他从容地披上外袍,仿佛方才那个意乱情迷的人不是他:“怎么突然来了?”
孟拂雪咬了咬唇,这才重新挂上笑容:“我新学了一道糕点,想请殿下尝尝。”
她说着打开食盒,捏起一块糕点递到沈青舟唇边:“殿下尝尝?”
姜晚渔低着头,指甲深深掐进掌心。
她知道沈青舟最讨厌甜食。
可此刻,他却张口接下了那块糕点。
“好吃吗?”孟拂雪期待地问。
沈青舟唇角微勾:“不错。”
“那……”孟拂雪眼睛亮晶晶的,“我能不能问殿下讨个赏?”
“你要什么我没给过?”沈青舟语气宠溺,“说吧。”
孟拂雪指着窗外的梅林:“我看殿下宫里的梅花开得正好,想折几枝回去插瓶。”
沈青舟点头:“孤让人去摘。”
“不必麻烦。”孟拂雪看向姜晚渔,“就让她去吧。”
沈青舟顿了顿,最终道:“好。”
姜晚渔咬着唇走向梅林。
她不会爬树,却不得不踩着冰冷的枝干往上攀。
粗糙的树皮磨破了她的手掌,膝盖也被蹭出了血痕。
“那枝!我要那枝最高的!”孟拂雪在下面指挥。
姜晚渔颤抖着伸手去够,突然脚下一滑——
“啊!”
她重重摔在地上,疼得眼前发黑。
沈青舟快步走来,眉头紧皱:“怎么这么不小心?”
他刚要弯腰去扶,孟拂雪却突然痛呼一声:“哎呀!”
只见她捂着脚踝,泪眼汪汪:“殿下,我好像崴到脚了……”
沈青舟立刻转身:“疼不疼?”
“都怪我……”孟拂雪抽泣着,“要不是我想折梅花,晚渔也不会摔下来……”
“与你无关。”沈青舟一把将她打横抱起,头也不回地往太医署走去,“是她自己不小心。”

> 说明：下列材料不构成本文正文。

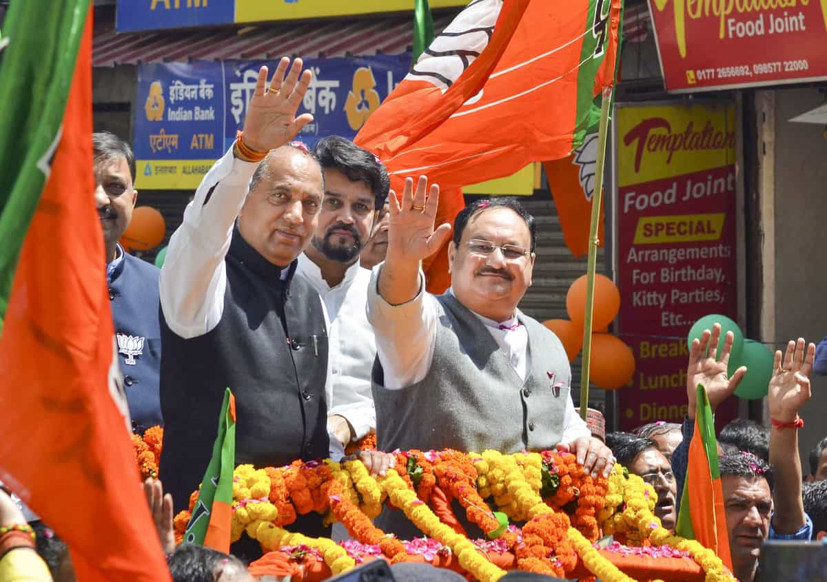 Shimla: BJP National President JP Nadda, Union Minister Anurag Thakur and Himachal Chief Minister Jai Ram Thakur during a roadshow in Shimla, Saturday, April 9, 2022. (PTI Photo)

姜晚渔躺在冰冷的雪地里,听到这冰冷的话,心脏像是被人生生剜去一块。
她艰难地动了动手指,想要撑起身子,却听见一阵脚步声由远及近。
“哟,这不是勾引太子殿下的贱婢吗?”孟拂雪的贴身婢女走了过来,“怎么躺在这儿装死呢?”
姜晚渔咬着牙想要爬起来,却被婢女一脚踹在腰上,又重重跌回雪地。
“让你勾引殿下!”婢女尖声骂道,“也不看看自己什么身份!”
拳头和脚踢如雨点般落下,姜晚渔疼得蜷缩着身子,勉强护住头脸。
她能感觉到温热的血从嘴角溢出,在雪地上洇开一朵朵红梅。
“这次我家小姐心善,不与你计较。”婢女揪着她的头发,强迫她抬起头,“但下次你若再敢勾引太子殿下,可就不是一顿打这么简单了!”
砰——
最后一下重重踹在她心口,她终于彻底晕了过去。
再醒来时,天已经黑了。
姜晚渔躺在雪地里,浑身疼得像是被碾碎重组。
她咬着牙,一点一点往东宫爬去。
每挪动一寸,都像是踩在刀尖上。
不能死……
她还要活着离开这里……
好不容易爬回东宫,她颤抖着翻出伤药,铜镜里的自己鼻青脸肿,嘴角还挂着干涸的血迹。
她咬着布巾,一点点给自己上药,每碰一下伤口,都疼得眼前发黑。
夜深时,殿门被推开。
沈青舟带着一身寒气走进来,伸手就要抱她:“过来。”
姜晚渔裹紧被子往床里缩了缩:“奴婢容颜不佳……今晚不能伺候殿下入睡……”
沈青舟皱眉,一把掀开被子。
当他看清她满身的伤时,瞳孔猛地一缩:“这是怎么弄的?”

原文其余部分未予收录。